Due to the artist being ‘white’,
and bearing in mind South Africa’s history of racism and oppression, many have
interpreted the painting as racist. However, to interpret it in this way is
insufficient as it does not account for the way in which the conflicting views
crossed racial boundaries, as indeed many ‘whites’ also took exception to it.
Pointing to different systems of meaning-making (worldviews) at play, I would
argue the furore was the result of an unintended but volatile clash of values:
freedom of speech versus the right to dignity and respect, fuelled by an
unresolved Apartheid past. However, such a clash of values is not limited to
South Africa. It can be seen in the
lethal violence that ensued following the printing of cartoons by the French
magazine, Charlie Hebdo depicting the Prophet Mohammed. Like the painting of
Zuma there are those that will see the cartoons as providing legitimate
political commentary while others will interpret it as a form of Islamophobia.
These illustrations bring into
the question the relationship between political correctness and the right to
free speech. However, they also raise a number of deeper questions that need to
be probed. For example, they raise the question of identity and how different
groups interpret and make sense of the world around them. They also raise the
question of social values and how groups prioritise certain values over others.

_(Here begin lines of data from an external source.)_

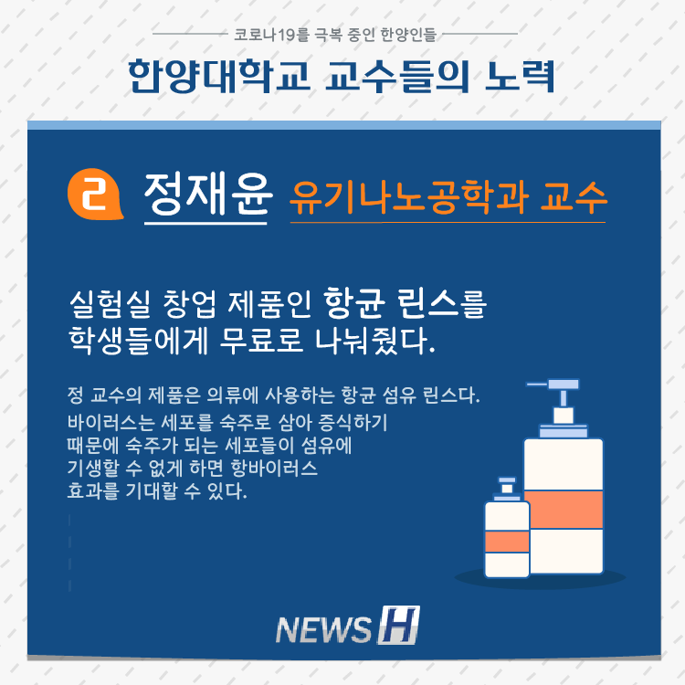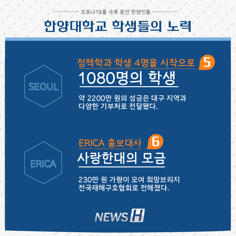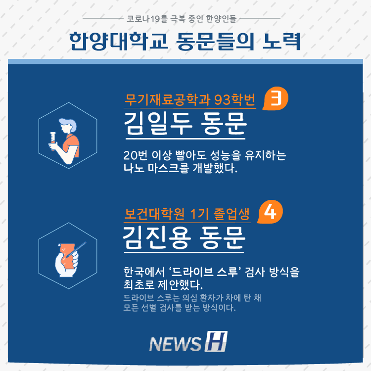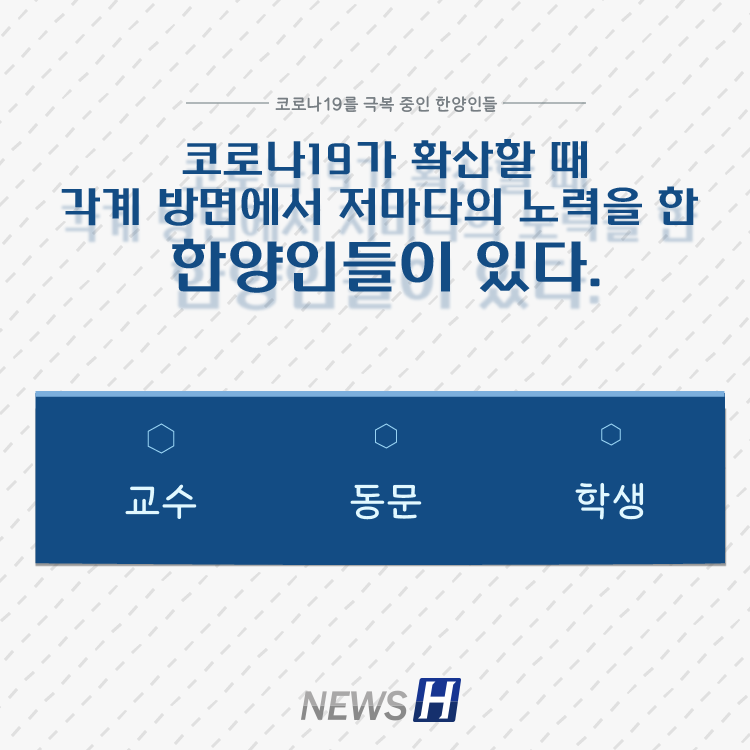각계 방면에서 코로나19를 이겨내기 위한 한양인들의 노력 ▲ 카드뉴스의 원본 기사는 아래에서 읽을 수 있습니다 코로나19를 극복 중인 한양인들 배정은 bjo1107@naver.com 다른기사 보기 저작권자 © 뉴스H 무단전재 및 재배포 금지 당신만 안 본 뉴스 [포토스토리] "AI 시대 해답은 브랜딩", 오세훈 서울시장의 경영학 특강 현장 Into the Creation 2025, 창작자들의 꿈에 날개를 이찬규 학생, 사이버·우주 융합연구로 2025 사이버안보논문공모전 대상 수상 한양대, '2026 QS 지속가능성 순위' 세계 161위, 국내 4위 기록 해커톤에서 인턴십까지, 현대차 사내 스타트업에 다녀오다 [창업지원단 인턴십 경험기] [포토스토리] 한양 속에 사회혁신을 품다, SSIR 먼슬리 콜로키움 현장 행복은 좋은 경험의 ‘빈도’에서, 서은국 교수와 함께한 한양인의 힐링콘서트 현장 [포토스토리] "AI 시대 해답은 브랜딩", 오세훈 서울시장의 경영학 특강 현장 댓글삭제 삭제한 댓글은 다시 복구할 수 없습니다. 그래도 삭제하시겠습니까? 비밀번호 닫기 기사 댓글 1 댓글 접기 로그인 후 이용 가능합니다. 댓글 내용입력 비회원 로그인 이름 비밀번호 댓글 내용입력 댓글쓰기 계정을 선택하시면 로그인·계정인증을 통해 댓글을 남기실 수 있습니다. 회원 로그인 비회원 글쓰기 이름 비밀번호 자동등록방지 로그인 옵션 창닫기 댓글목록 최신순 추천순 욕설, 타인비방 등의 게시물은 예고 없이 삭제 될 수 있습니다. 폰트 2020-04-28 12:53:37 더보기 삭제하기 카드뉴스에 쓰인 폰트가 예전 한양대 UI에 쓰이던 폰트인것 같은데 폰트 이름이 뭔지 알 수 있을까요? 기획기사 [포토스토리] "AI 시대 해답은 브랜딩", 오세훈 서울시장의 경영학 특강 현장 Into the Creation 2025, 창작자들의 꿈에 날개를 해커톤에서 인턴십까지, 현대차 사내 스타트업에 다녀오다 [창업지원단 인턴십 경험기] [포토스토리] 한양 속에 사회혁신을 품다, SSIR 먼슬리 콜로키움 현장 행복은 좋은 경험의 ‘빈도’에서, 서은국 교수와 함께한 한양인의 힐링콘서트 현장 [카드뉴스] '한양대학교 SDGs? 알고 보니 내 일상 속에 있었다!' 1편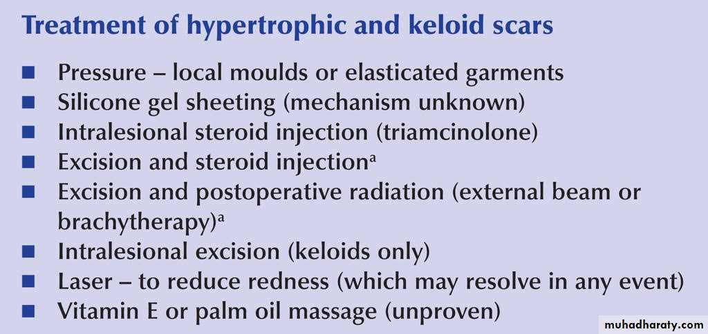 3-keloid .over growth which extend beyond the inscion ,and continue to grow after 6 months.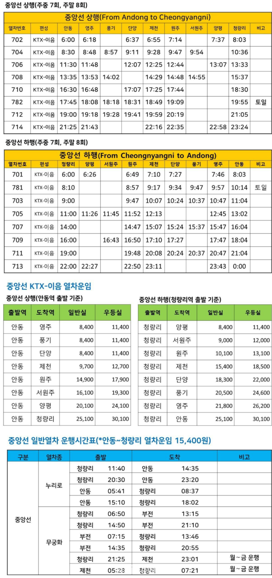 청량리-안동 KTX요금 (2022년 말 개통까지 한시적금액)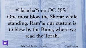 #HalachaYomi OC 585:1 One most blow the Shofar while standing. Ram”a: our custom is to blow by the Bima, where we read the Torah.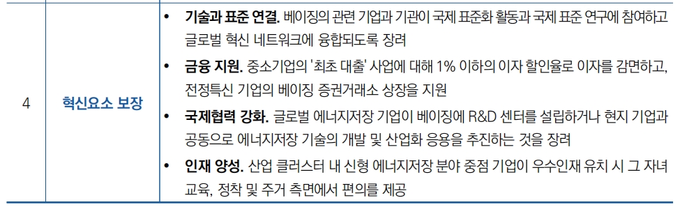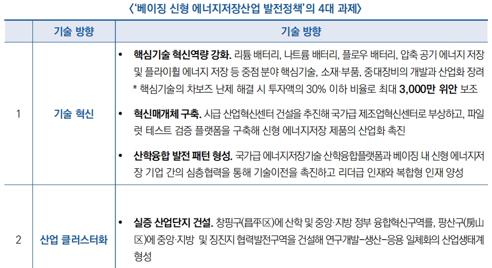 - 주요 목표로 산업발전 우위와 자원우위를 통합해 신형 에너지저장 기술의 혁신과 발전을 촉진하고 베이징의 국제과기혁신센터 건설을 효과적으로 촉진 제시
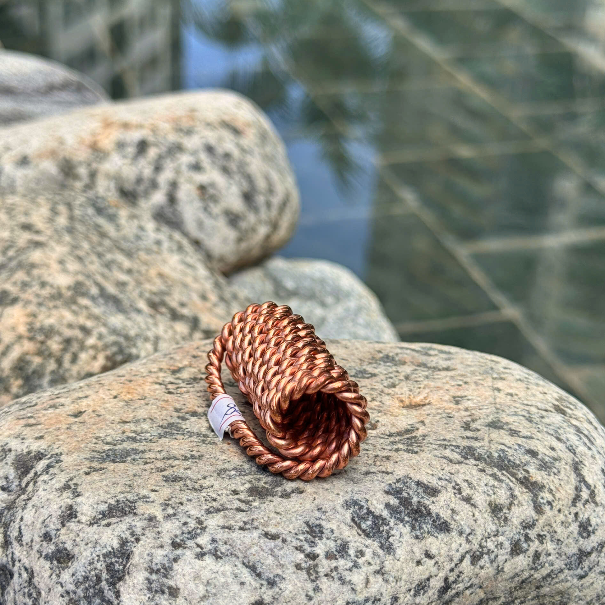 Each piece is carefully twisted by hand to form a balanced coil that reflects harmony, precision, and craftsmanship.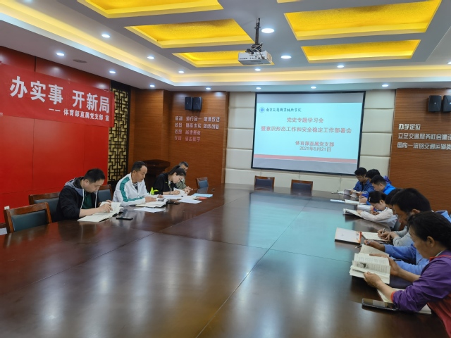 5月21日上午,体育部在行健馆会议室召开党史专题学习会暨体育部意识形态工作和安全稳定工作部署会。体育部全体党员、教师参会,会议由直属党支部书记史立峰主持。

They necessitate both asking what happens when competing values and ways of
interpreting reality collide and thinking about the impact this might have on
building peaceful societies.
These questions challenge
Western liberal thought that is largely driven by an individualist worldview
and that promotes values such as gender equality, personal autonomy and freedom
of speech. While other societies may support such values they can be
prioritised in different ways. In collective cultures it is the respect of
elders and leaders and maintaining the honour and dignity of a group that is
given priority. Consequently, to draw Zuma or the prophet Mohamed in such ways
serves as a complete affront to the culture. However, what is important to
understand is that our values speak to our sense of identity and feeling safe
in the world. Subsequently, a perceived threat to these values, coupled with
histories of inequality and oppression, can solicit a violent response and
contribute to intergroup conflict as they act to destabilise ones sense of
well-being in the world – as illustrated with the painting of Zuma and the
drawings of the prophet Mohamed.
So how do we respond to this?
Should the value of free speech trump the right to dignity and respect or even
the right to religious freedom? To what extent should it be curbed by political
correctness? If we defend our value for free speech (or other western values
for that matter) are we not imposing what we perceive as the superiority of our
worldview over the ‘other’? Is that not a form of colonialism – cultural
colonialism in this case? Moreover, it raises the extent to which we assume the
‘other’ thinks like us. In the interests of building peaceful society, perhaps we
need to give the ‘other’ a little more room to exist, acknowledge
and accept that perhaps there is more than one truth so that we can open up the
space for dialogue that promotes acceptance and transformation.